2) If I were to tail the person, call them and tell them- I see the guy, he’s headed this-or-that direction, follow him! My guess is they’d tell me to back off and not tail the guy. I don’t think they’d send a car over to go arrest the guy.
3) I decide if the cops aren’t going to do anything, I handle it myself and try to follow the guy and ‘take care of business’ in whatever way. First, outside of trying to beat the guy up, I don’t have any legal authority to properly get justice, and second, the cops would probably take ME into custody for trying to get justice on my own terms.
Of course, I’m not a cop, so I don’t know what all the factors are. They’ve undoubtedly been down these scenarios a million times and have devised a set of responses that will keep the most people safe the majority of times.

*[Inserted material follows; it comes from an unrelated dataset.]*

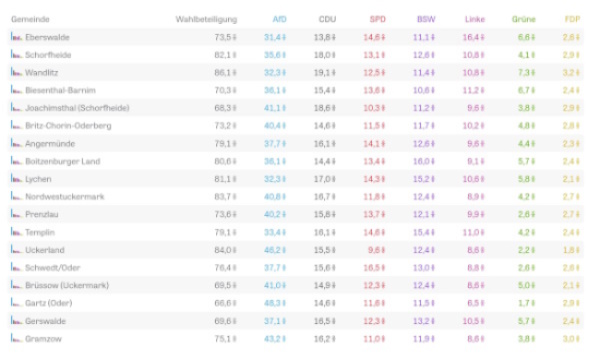 24.02.2025 Bundestagswahl 2025Uckermark ist NazilandPrenzlau (ipr) Der vom Militärischen Abschirmdienst als Extremist eingestufte AfDler Hannes Gnauck gewinnt überlegen das Direktmandat im Wahlkreis Uckermark – Barnim I mit 38,41 % der Wähler:innenstimmen. Stefan Zierke (SPD) und Michael Kellner (Die Grünen) schaffen den Wiedereingliederung ins Parlament über die jeweilige Landesliste. Der Wahlkreis geht mit 36,0 Prozent der Zweitstimmen an die AfD. Dahinter folgen mit deutlichem Abstand die CDU (16,1 Prozent) und die SPD (13,8 Prozent). Die Wahlbeteiligung liegt bei 78,9 Prozent (+7,3 Prozentpunkte im Vergleich zur vergangenen Bundestagswahl). Verglichen mit der Bundestagswahl 2021 gewinnt die AfD 16,1 Prozent. Sowohl die Linke (+2 %) als auch die CDU (+0,8%) gewinnen hinzu. Dagegen verlieren die SPD (-17,5 %) , die FDP (-5,4 %) und die Grünen (-2,2 %). Das BSW erreicht einen Stimmanteil von 12,4 %.

But as much as I don’t like thinking this; this is not a system built for justice. It in fact perpetuates injustice. Starting from that point, one might be tempted to say- well then lets tear it down and rebuild one that IS just. But I’m not sure that’s possible. There are always trade-offs in life, and any time you try to compensate more heavily towards one side, in order to get away from x and get more y, then the balance is thrown off in another way.
Let’s face it, if the ‘law’ didn’t concern itself with individual citizens getting vigilante justice by just not interfering, then we’d end up with a lot more injustice. The police also don’t have unlimited resources to send after every traffic incident that occurs in a big city. They have to pick and choose, and I’m assuming those decisions are usually going to end up based on ‘greatest need’ or some such.
All this is to say that I can get my head around the arguments people make when they talk about ‘systems’ that are unjust. But I think there is probably a lot naivete about what can be done, and how easy it might be to construct something that is NOT unjust in some way. No one ever claims they want utopia, and they all act like they’re not demanding that. But I’m not sure that’s true. ANY system is going to have flaws, trade-offs will have to made, injustice IS going to happen. If you think any differently, please point me to some examples of where it doesn’t.
Here’s where the thinking of guys like Macchiavelli comes in. They don’t sweat the moralizing, they just grant that humans are such, and look at how to deal with them in the most effective manner. I don’t know if I can get behind that- I certainly don’t want to deal with it, but I think I can understand it.